Mumbai: Christopher Wood, global head of equity strategy at Jefferies, remains structurally overweight on India and said he would look to buy Indian stocks on every fall. The equity strategist’s optimism on the country’s stocks comes amid recent downgrades by Morgan Stanley and Nomura.

Wood said if he had to own one stock market globally for the next 10 years and not be able to sell it during that period, that market would be India.

Hong Kong-based Wood said that from a macro perspective, India looks to be in a similar condition to where it was in 2003 when the country embarked on the last property and capex cycle.

In a recent note, Jefferies’ India strategist Mahesh Nandurkar said rising interest rates will not derail the coming investment cycle and instead, reflect accelerating growth and a bullish equity market. The 10-year bond yield rose from a low of 5% in the 2003-04 to 8-9% over the next several years without impacting the accelerating investment-led cycle, the analysis by Jefferies showed.

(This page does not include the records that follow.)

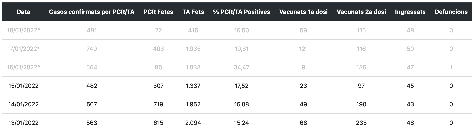 Segons dadescovid.cat, actualment hi ha 60 persones ingressades per Covid-19, una menys que ahir, 12 de les quals a l’UCI. A les Terres de l’Ebre han mort 217 persones des de l’inici de la pandèmia, cinc més. Les últimes defuncions daten del 12 i el 16 de gener. La incidència a 7 dies és de 2.337 i a 14 dies és de 4.128. El 20,13% de les proves que es fan donen positiu.
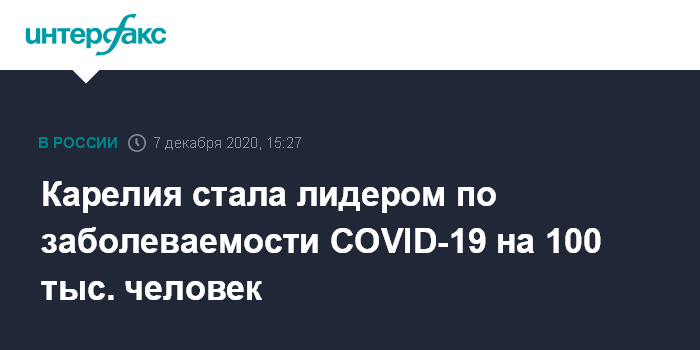 Карелия стала лидером по заболеваемости COVID-19 на 100 тыс. человек
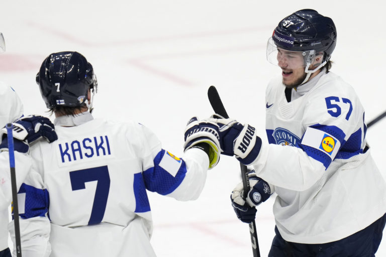 Arttu Hyry z Fínska (vpravo) a jeho spoluhráč Oliwer Kaski oslavujú gól v bránke Nórska počas zápasu základnej A-skupiny na MS v hokeji 2024. Praha (O2 Arena), 13. máj 2024. Foto: SITA/AP
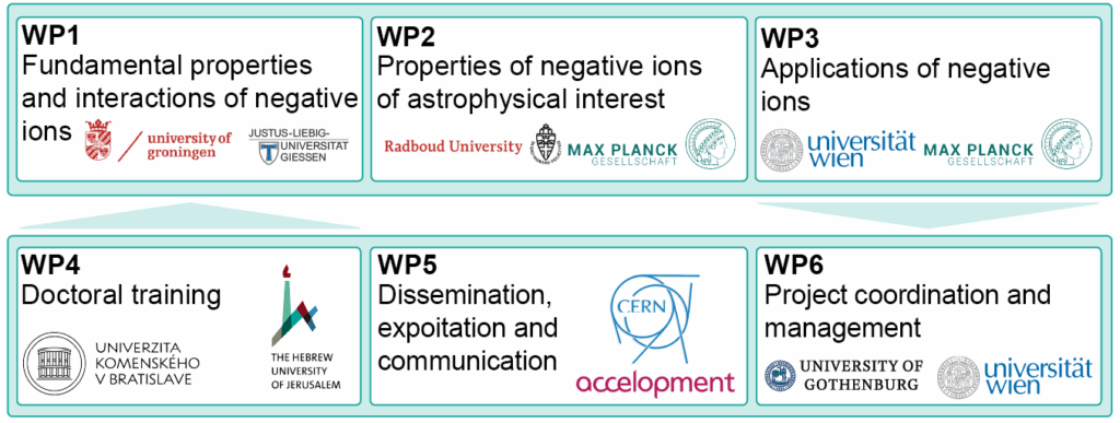 To structure the research and training activities, PANIONS is organised into six work packages. While each work package addresses specific objectives, the programme is designed to foster strong interaction and collaboration among doctoral candidates through joint activities and secondments. Together, the combined results of PANIONS will constitute a major contribution to the understanding of negative ions and their role in the cosmos, with lasting impact on fundamental science and applied technologies.
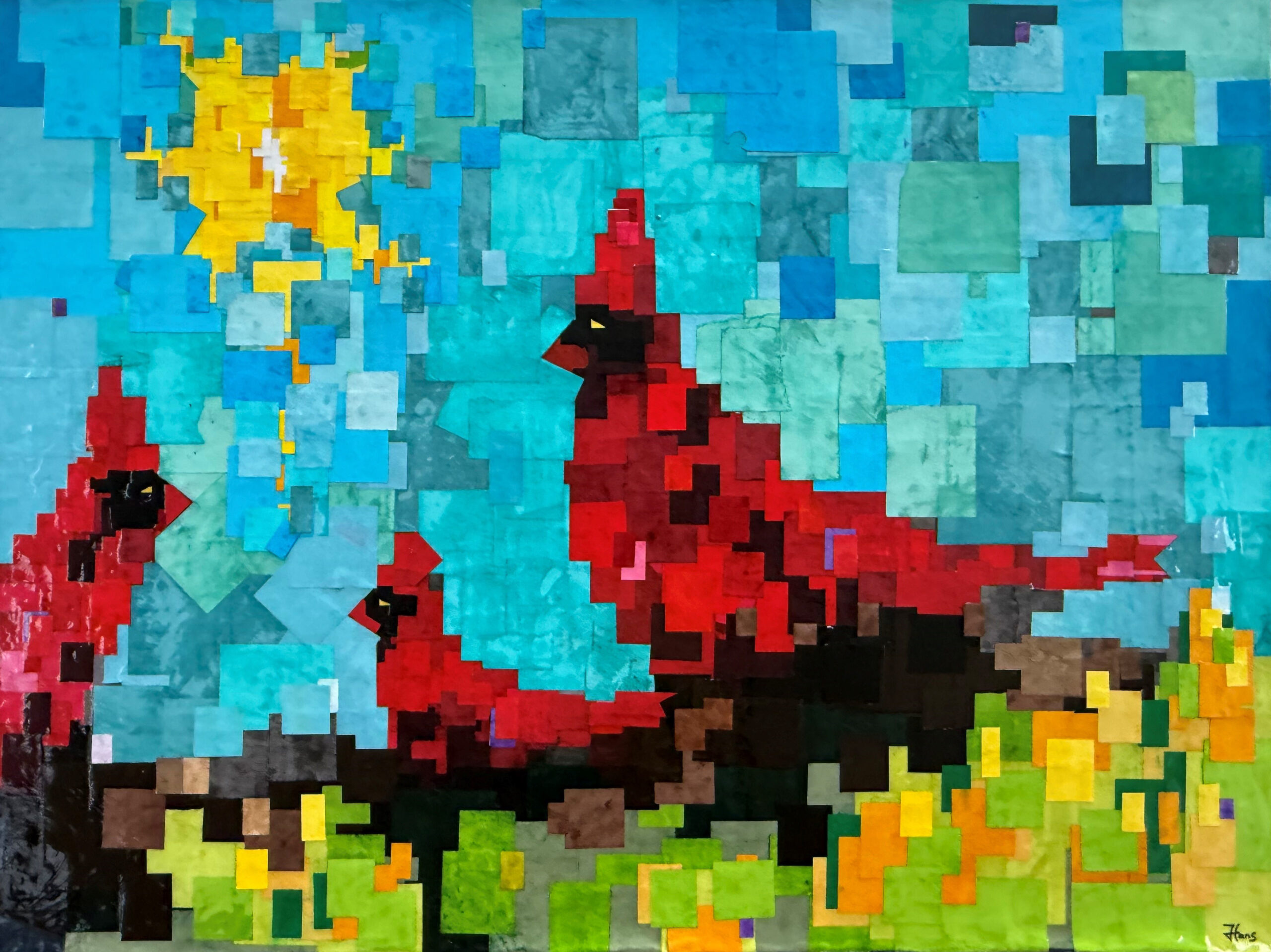 Three Red Birds (SIZE: 36” HEIGHT X 48” WIDTH)

“…any sell-off in Indian equities triggered by tapering/tightening scares on Wall Street will provide opportunities to add to Indian equities, most particularly if this coincides with a further likely rise in the oil price on an accelerating re-opening of the global economy,” said Wood.

Morgan Stanley on Thursday downgraded Indian equities to equal-weight from overweight saying that valuations are increasingly constraining returns over the next three to six months. Japan-headquartered Nomura on Monday downgraded Indian equities to neutral from overweight, citing unfavourable risk to reward ratio.

UBS recently maintained its overweight stance but said valuations were expensive relative to Asean countries.